To conclude, we employ spin density matrix approach proposed by Kim et al. ([36]) to analyse the many-body fermionic states of a 1-D lattice model in the presence of magnetic field and RSOC. In contrast to their study, we find that SSDM is a function of the distance between the two spins in the spin-pair once the magnetic field is turned on. Moreover, TSDM cannot get maximally entangled, i.e entropy is \( 2 \ln 2\) with the rest of the Fermi sea in the large R limit (\(R \rightarrow \infty \)), unless both the bands are completely filled. Note that this is also in sharp contrast to the case in [36], where the energy spectrum is unbounded above and has no well-defined sense of filling fraction and hence the related physics does not exist in their continuum model. Finally, for the case where only magnetic field is present, we also note the fact that even when we add a single electron in the upper band, while the lower band is partially filled, SSDM entropy undergoes a sharp transition (corresponds to triplet to singlet transition of TSDM ) in the limit \(R =0\) (see Fig. 5a). This entropy transition persists for small distance corresponding to few lattice sites and for large R as well, though the sharpness is reduced (see Fig. 5b, c). It is also evident from Fig. 5 that when \(B=0\), SSDM entropy \(S_{a}\) is independent of the strength of RSOC like it was in the case studied in [36].

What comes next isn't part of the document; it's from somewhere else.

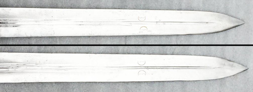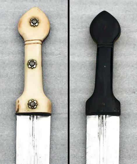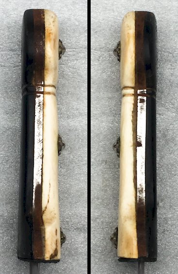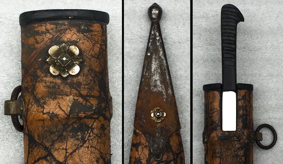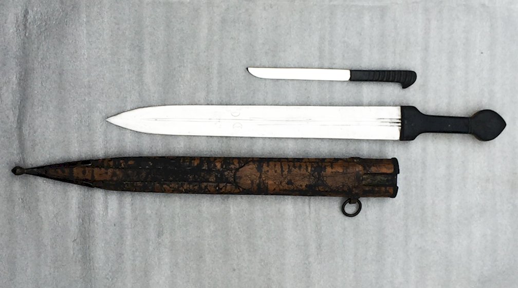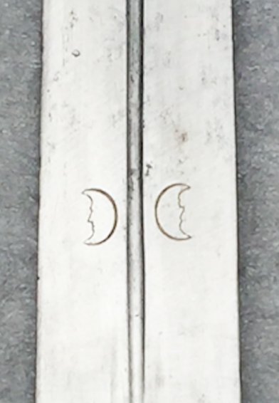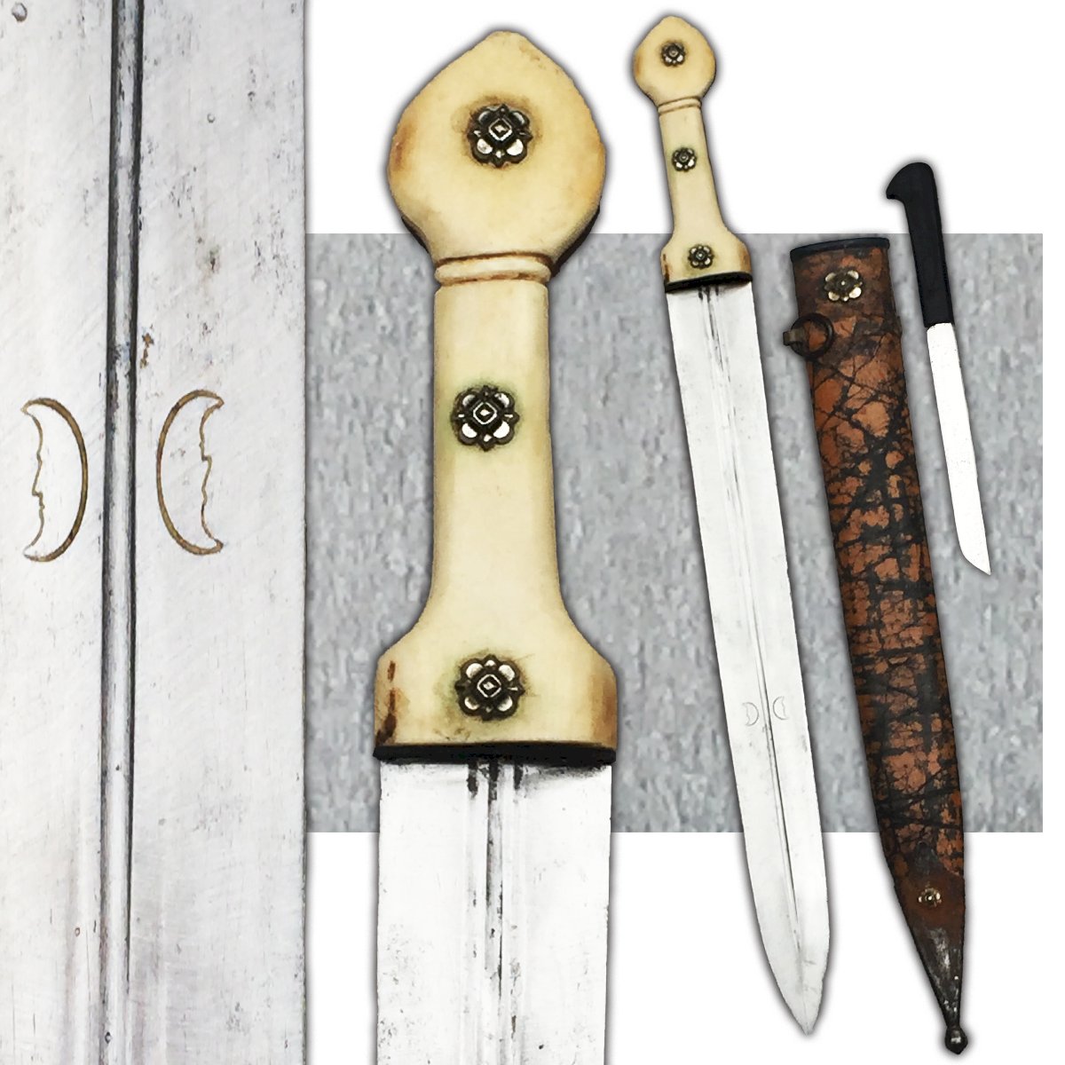 This magnificent dagger features a handle made of black and white horn with silver-type buttons. The blade is in good condition with traces due to time, needs cleaning, is very sturdy, and has two central grooves. It also bears markings: "Two Moons", typical of Caucasian pieces from the period with its original sheath made of leather, wood, and metal, and its "VERY RARE" knife (usually lost or missing). The piece is sold as seen in the photos and in the description. I am parting with it due to lack of space in my display. The kindjal likely dates from the Caucasian wars around the mid-19th century. You will find more information on the subject in the books by A.N. Kulinski or in the weapons gazette No. 184, from December 1988.

We should also point out that main interest in our article is prominently restricted to the examination of entanglement of the spin degrees of freedom of two electrons living on a lattice under the influence of rest of the Fermi sea and subsequently to briefly discuss the correlations in the form of mutual information as well. Since mutual information is not a complete quantification of all possible correlations, which might exist in bipartite systems, complete analysis of correlation requires further analysis of full correlation matrices [42]. As far as practical realization of our system is concerned RSOC \(\lambda \) between the nearest neighbour sites in one-dimensional lattice can be engineered in an optical lattice system [43]. In the fermionic system, entanglement negativity and Rényi entanglement entropy [44] recently proposed as an excellent tool for measuring entanglement between two subsystems connected to an environment. For a direct experimental measurement, we also propose a spin-polarized STM tip at each site of the lattice and measure the spin orientation and population as a function of the magnetic field B and \(\lambda \). Based on this, it is very convenient to realize the (B-\(\lambda \)) phase diagram in the one-dimensional lattice, engineered on optical systems.